I'm not sure I quite understand what append_columnaccess! means in:
if isrowiterator(t2) && Tables.columnaccess(t2)
return append_columnaccess!(t, t2)
end
is it hcat? or still vcat, but column-by-column?
Also note that:
Tables.istable(t) && Tables.rowaccess(t) && Tables.rows(t) === t
doesn't return true for all valid row-iterators. For example, Tables.istable(t) returns false for a Generator of NamedTuples, even though it's a perfectly valid "row table", and works fine when you call Tables.rows on it.
still
vcat, but column-by-column?
Yes, vcat done column-by-column as an optimization.
Also note that:
Tables.istable(t) && Tables.rowaccess(t) && Tables.rows(t) === tdoesn't return true for all valid row-iterators.
As append_columnaccess! is just an optimization, it is OK for isrowiterator to have false negative.
For example,
Tables.istable(t)returns false for a Generator of NamedTuples, even though it's a perfectly valid "row table", and works fine when you callTables.rowson it.
They hit append_rows! branch so it's fine.
Yes, vcat done column-by-column as an optimization.

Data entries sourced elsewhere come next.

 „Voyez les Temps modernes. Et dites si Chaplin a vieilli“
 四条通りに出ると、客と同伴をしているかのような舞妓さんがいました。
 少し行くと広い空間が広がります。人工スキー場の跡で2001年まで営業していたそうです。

So why not just always call Tables.columns and append the result columns one by one anyway? Any time you're switching based on rowaccess/columnaccess, that's a bit of a code-smell w/ the Tables.jl API; the point is to use Tables.rows or Tables.columns as is more appropriate for your use-case. For example, that's what DataFrames does.
I thought it's nice to avoid allocating unnecessary objects. If performance is not a concern, I think the cleanest approach here would be to add things row-by-row as there is already push!:
https://github.com/JuliaData/TypedTables.jl/blob/018a2d14d4448f3dd3f3e63321fc3bc09a77ae2b/src/Table.jl#L218
Then I would just check Tables.columnaccess(t) and use the column-based path if so, otherwise fallback to the row-based approach. The default is Tables.columnaccess(x) = false, so it will only be true if a table has explicitly provided support for Tables.columns.

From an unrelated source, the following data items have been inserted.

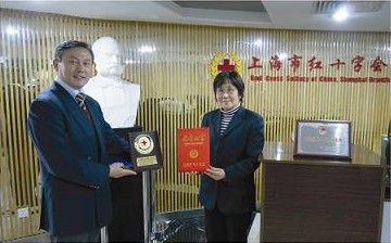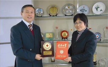 红十字会代表向公司赠牌证书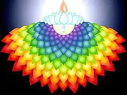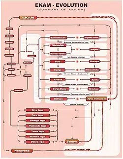 The mythical narration in akilam about the eight yugas is often viewed philosophically as a reference to eight chakras.[72] The first, Neetiya Yukam, is Bindu and the final state, Dharma Yukam, is Sahasrara, or absolute bliss. In this series, the energy of consciousness (namam) of oneself is invoked, rising from Bindu (Neetiya Yukam) to the final Sahasrara (Dharma Yukam). This lotus, the highest spiritual center of enlightenment, is for experiencing the absolute "bliss".[73] The reigning power in the final Dharma Yukam (Sahasrara) is Ekam, which is a part of Vaikundar a Trinity conception, or a manifestation of the supreme absolute.[68]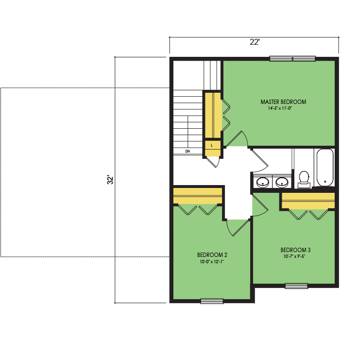 A part of our dream series, the tamarack floor plan features 3 bedrooms and 1.5 bathrooms with a foot print of 44x30 feet and 1342 total square feet of living space.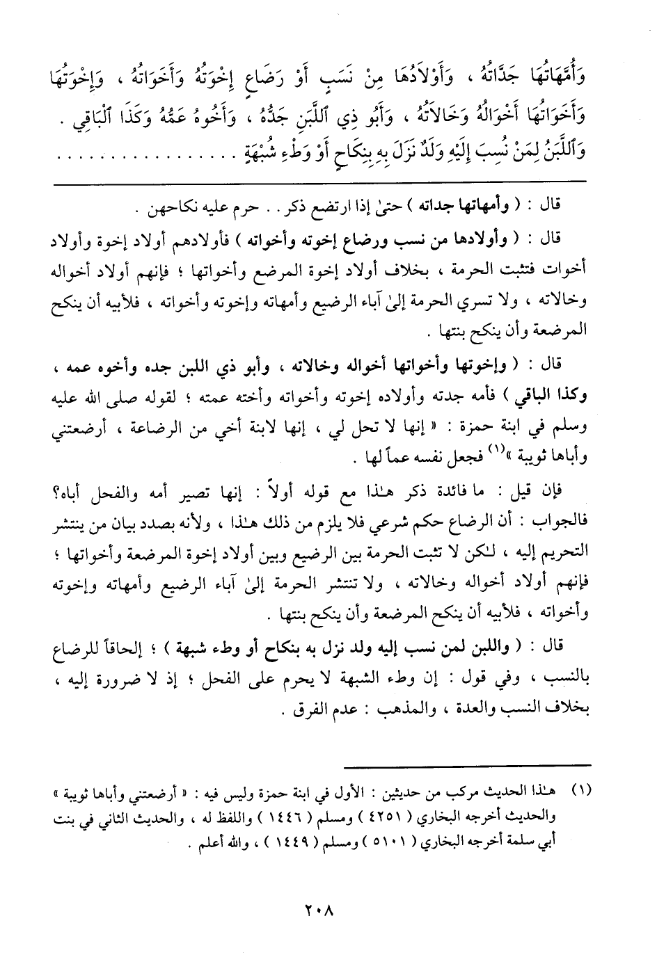 قال: (وأولادها من نسب ورضاع إخوته وأخواته) فأولادهم أولاد إخوة وأولاد أخوات فتثبت الحرمة، بخلاف أولاد إخوة المرضع وأخواتها؛ فإنهم أولاد أخواله وخالاته، ولا تسري الحرمة إلى آباء الرضيع وأمهاته وإخوته وأخواته، فلأبيه أن ينكح المرضعة وأن ينكح بنتها.

I initially had something like that. But then @andyferris pointed out that it might be better to strictly require that src in append!(::TypedTable.Table, src) to be (semantically) an iterator over rows https://github.com/JuliaData/TypedTables.jl/pull/57#pullrequestreview-332289808. Essentially this boils down to that Tables.istable(x) does not imply anything about how iterate(x) works (or not work). (Just to be clear, I'm not saying this is bad. I think Tables.jl has a slick API that demonstrates how much you can do with a flexible trait-based system in Julia.) By the way, this is why I said Tabels.isrowiterator might be a good addition to Tables.jl interface.